> GIVEN DATA
:::

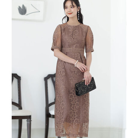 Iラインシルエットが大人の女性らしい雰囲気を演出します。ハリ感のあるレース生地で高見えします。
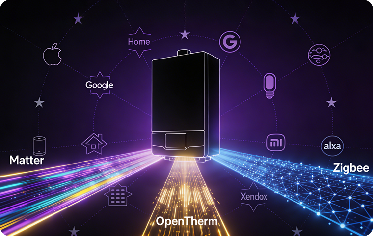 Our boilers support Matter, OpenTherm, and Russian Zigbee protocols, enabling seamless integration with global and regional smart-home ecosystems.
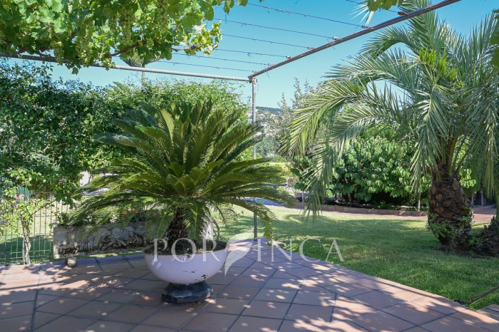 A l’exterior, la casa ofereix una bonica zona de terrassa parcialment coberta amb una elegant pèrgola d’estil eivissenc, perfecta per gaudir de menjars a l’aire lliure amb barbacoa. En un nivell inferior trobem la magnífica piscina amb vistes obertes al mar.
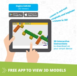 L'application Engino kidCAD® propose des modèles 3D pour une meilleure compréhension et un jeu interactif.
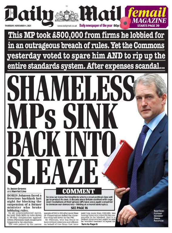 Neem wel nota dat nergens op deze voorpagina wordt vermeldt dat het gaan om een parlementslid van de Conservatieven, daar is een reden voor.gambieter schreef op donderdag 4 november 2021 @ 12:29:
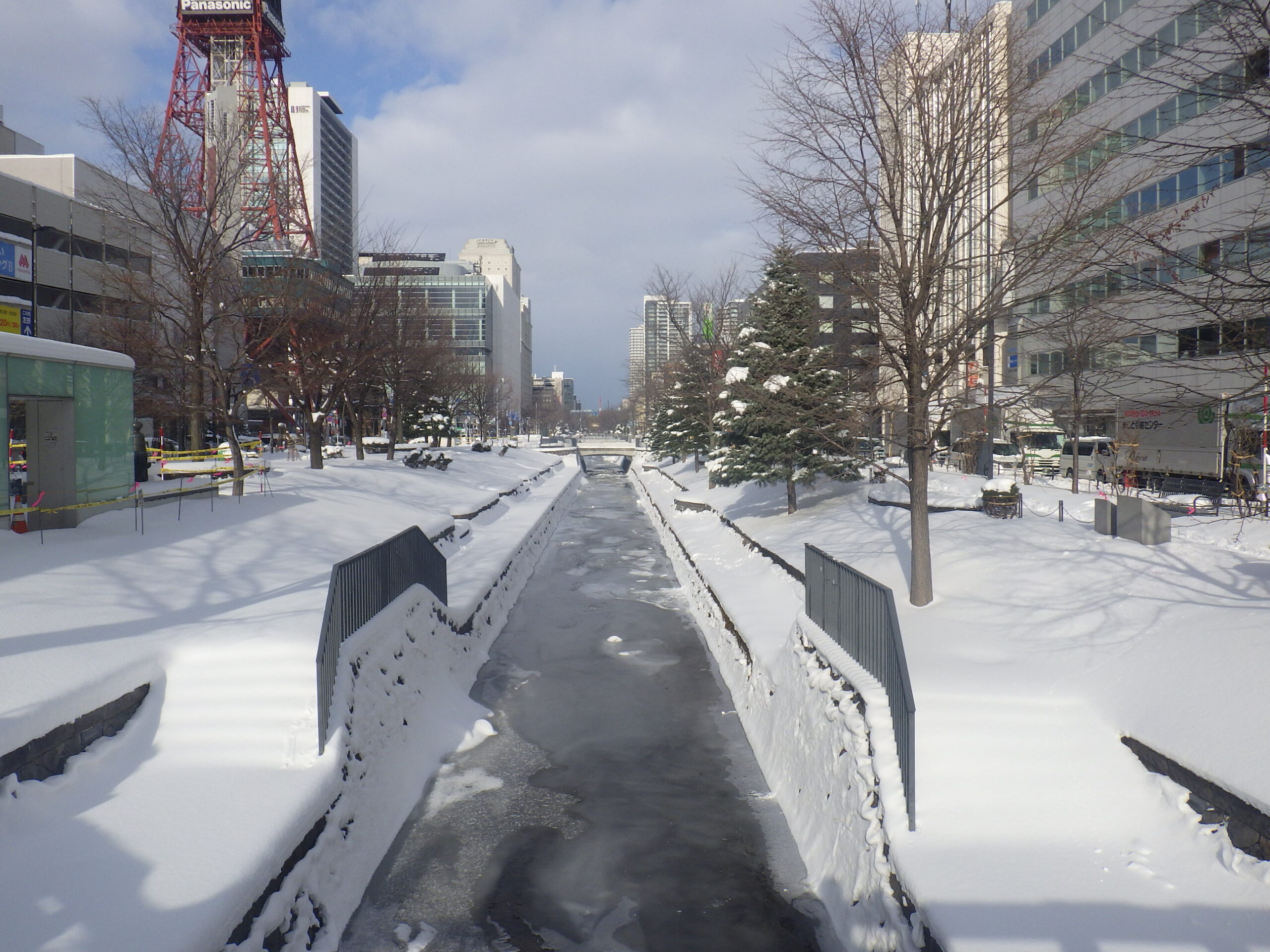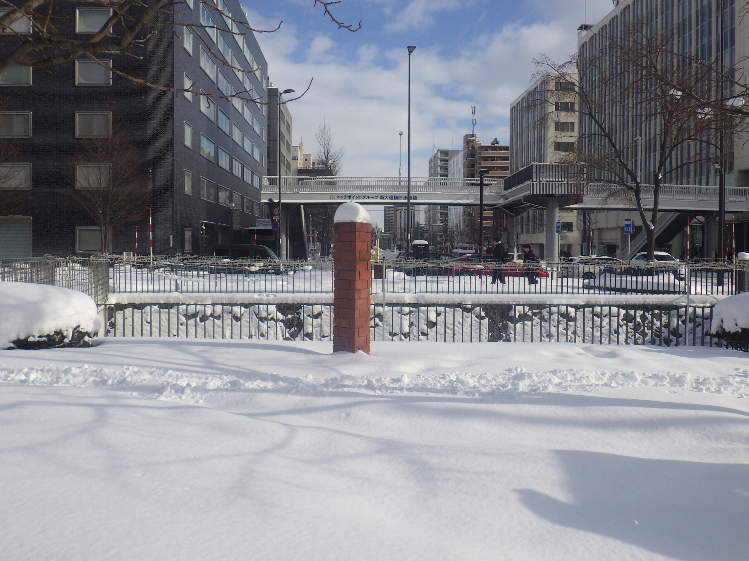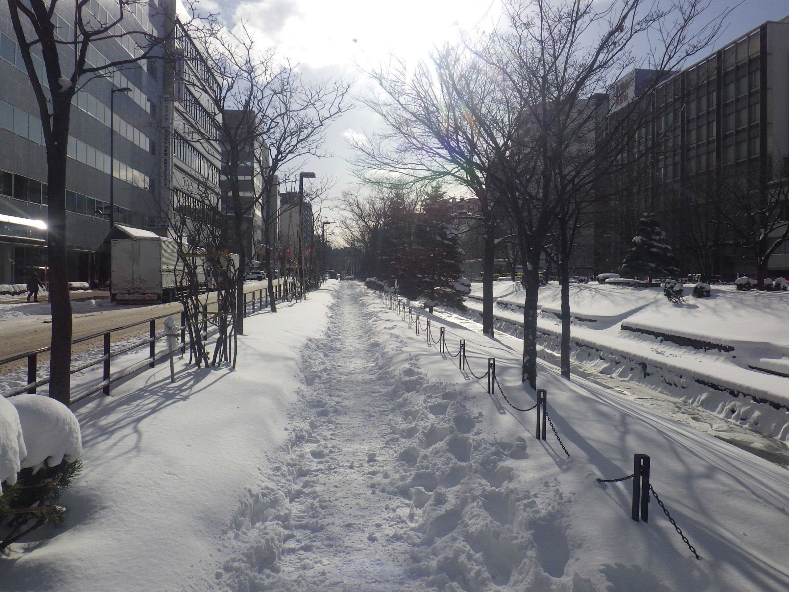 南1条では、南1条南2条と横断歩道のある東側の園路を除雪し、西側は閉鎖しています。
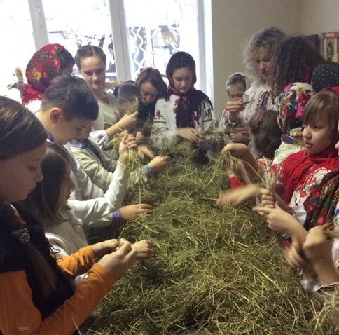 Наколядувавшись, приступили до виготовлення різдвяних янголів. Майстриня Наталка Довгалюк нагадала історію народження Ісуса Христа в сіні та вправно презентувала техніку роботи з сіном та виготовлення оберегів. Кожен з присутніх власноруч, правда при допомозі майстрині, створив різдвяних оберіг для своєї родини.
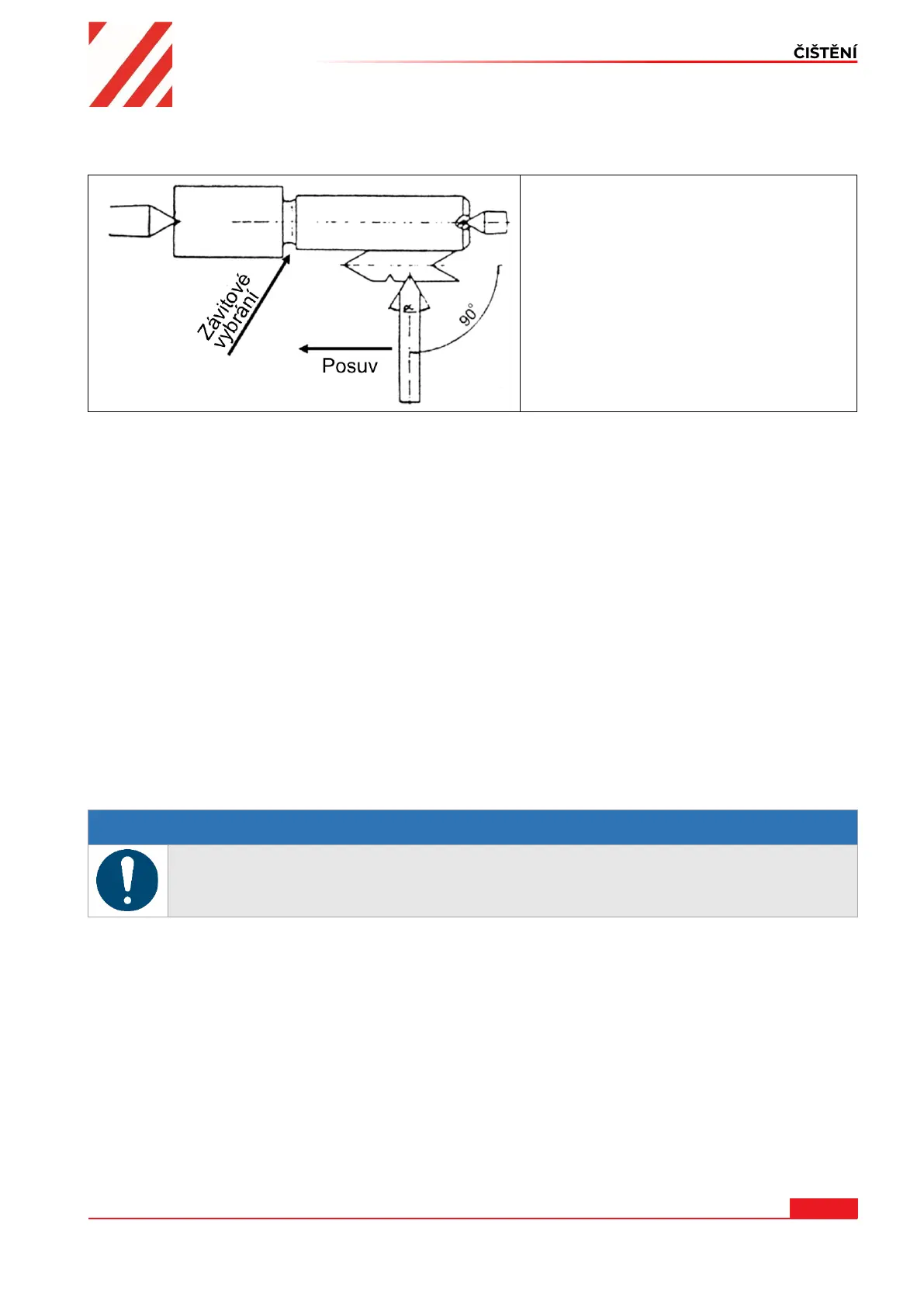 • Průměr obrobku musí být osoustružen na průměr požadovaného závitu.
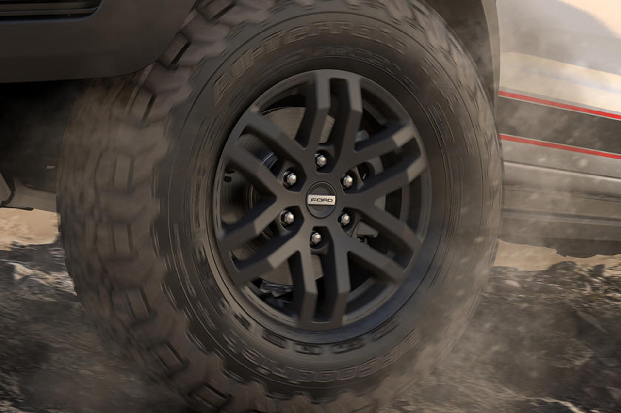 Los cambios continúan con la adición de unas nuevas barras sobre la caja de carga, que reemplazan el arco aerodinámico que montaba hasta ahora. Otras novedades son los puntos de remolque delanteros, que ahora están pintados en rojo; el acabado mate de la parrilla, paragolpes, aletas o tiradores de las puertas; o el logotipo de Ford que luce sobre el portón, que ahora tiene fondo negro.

:::

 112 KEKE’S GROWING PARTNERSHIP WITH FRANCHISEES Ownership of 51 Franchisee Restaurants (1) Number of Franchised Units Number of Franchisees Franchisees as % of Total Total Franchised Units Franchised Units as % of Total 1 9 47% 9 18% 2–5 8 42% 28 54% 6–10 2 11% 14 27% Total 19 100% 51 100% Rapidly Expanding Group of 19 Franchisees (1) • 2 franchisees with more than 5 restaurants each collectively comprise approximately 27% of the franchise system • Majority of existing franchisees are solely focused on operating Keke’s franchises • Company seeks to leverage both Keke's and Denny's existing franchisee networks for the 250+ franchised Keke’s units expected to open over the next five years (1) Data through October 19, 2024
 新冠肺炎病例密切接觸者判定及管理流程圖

:::

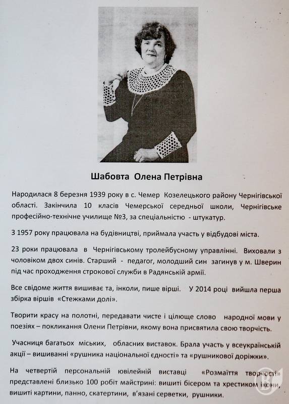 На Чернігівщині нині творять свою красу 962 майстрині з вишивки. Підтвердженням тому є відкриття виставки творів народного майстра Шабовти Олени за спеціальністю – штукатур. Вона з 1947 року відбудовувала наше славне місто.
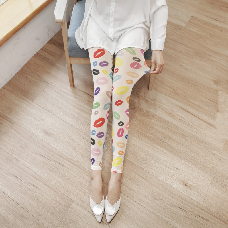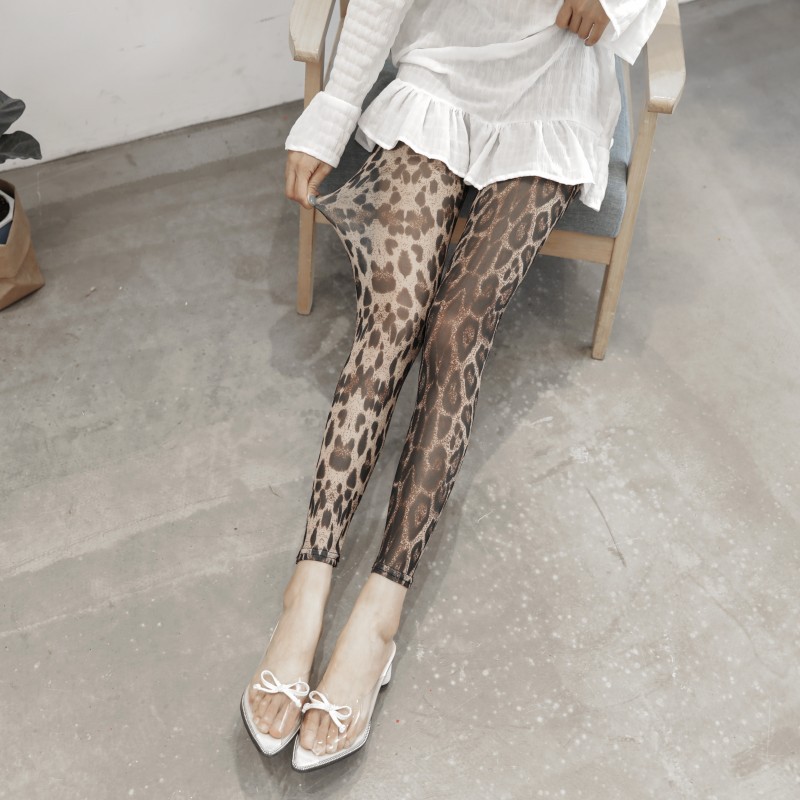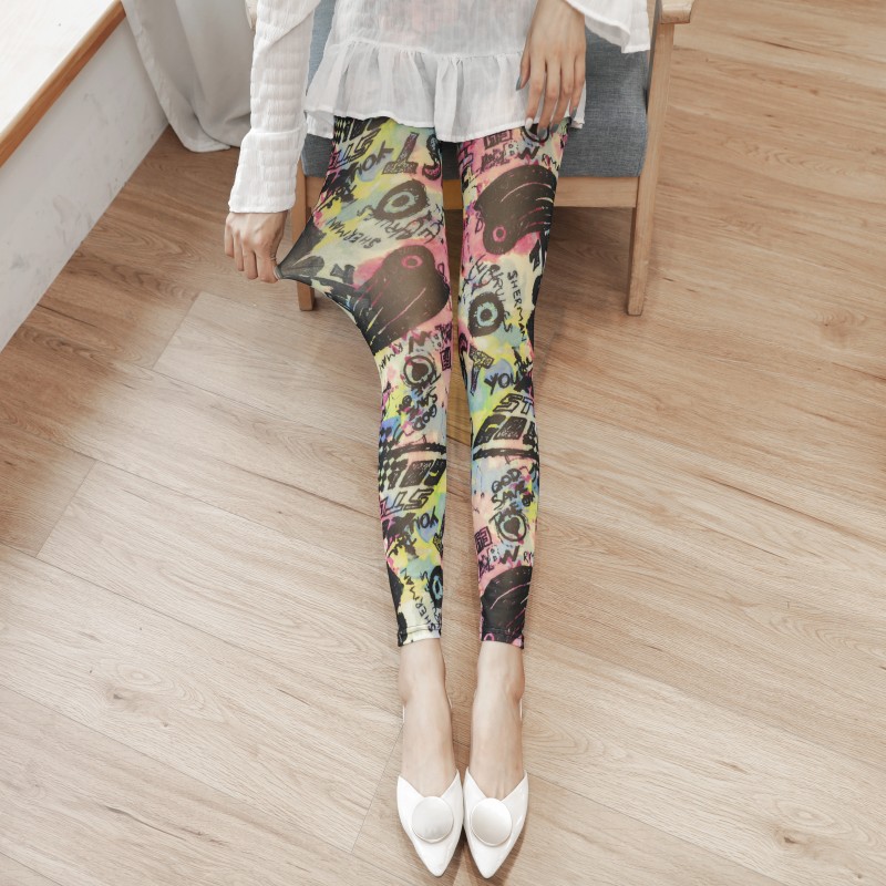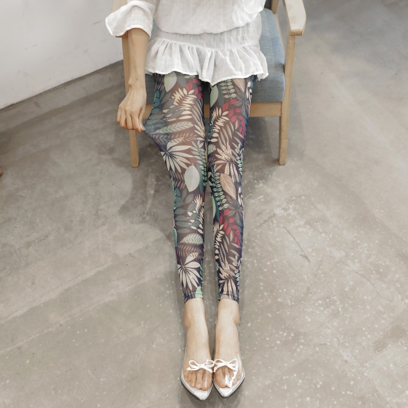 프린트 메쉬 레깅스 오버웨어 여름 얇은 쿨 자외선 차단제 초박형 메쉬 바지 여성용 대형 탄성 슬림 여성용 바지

:::

> ASSIGNMENT
The answer must be the part of the records that opens with the line containing "Our boilers support" and closes with the line containing "Los cambios continúan", reproduced exactly, with no pictures.

> TASK SOLUTION
 Our boilers support Matter, OpenTherm, and Russian Zigbee protocols, enabling seamless integration with global and regional smart-home ecosystems.
 A l’exterior, la casa ofereix una bonica zona de terrassa parcialment coberta amb una elegant pèrgola d’estil eivissenc, perfecta per gaudir de menjars a l’aire lliure amb barbacoa. En un nivell inferior trobem la magnífica piscina amb vistes obertes al mar.
 L'application Engino kidCAD® propose des modèles 3D pour une meilleure compréhension et un jeu interactif.
 Neem wel nota dat nergens op deze voorpagina wordt vermeldt dat het gaan om een parlementslid van de Conservatieven, daar is een reden voor.gambieter schreef op donderdag 4 november 2021 @ 12:29:
 南1条では、南1条南2条と横断歩道のある東側の園路を除雪し、西側は閉鎖しています。
 Наколядувавшись, приступили до виготовлення різдвяних янголів. Майстриня Наталка Довгалюк нагадала історію народження Ісуса Христа в сіні та вправно презентувала техніку роботи з сіном та виготовлення оберегів. Кожен з присутніх власноруч, правда при допомозі майстрині, створив різдвяних оберіг для своєї родини.
 • Průměr obrobku musí být osoustružen na průměr požadovaného závitu.
 Los cambios continúan con la adición de unas nuevas barras sobre la caja de carga, que reemplazan el arco aerodinámico que montaba hasta ahora. Otras novedades son los puntos de remolque delanteros, que ahora están pintados en rojo; el acabado mate de la parrilla, paragolpes, aletas o tiradores de las puertas; o el logotipo de Ford que luce sobre el portón, que ahora tiene fondo negro.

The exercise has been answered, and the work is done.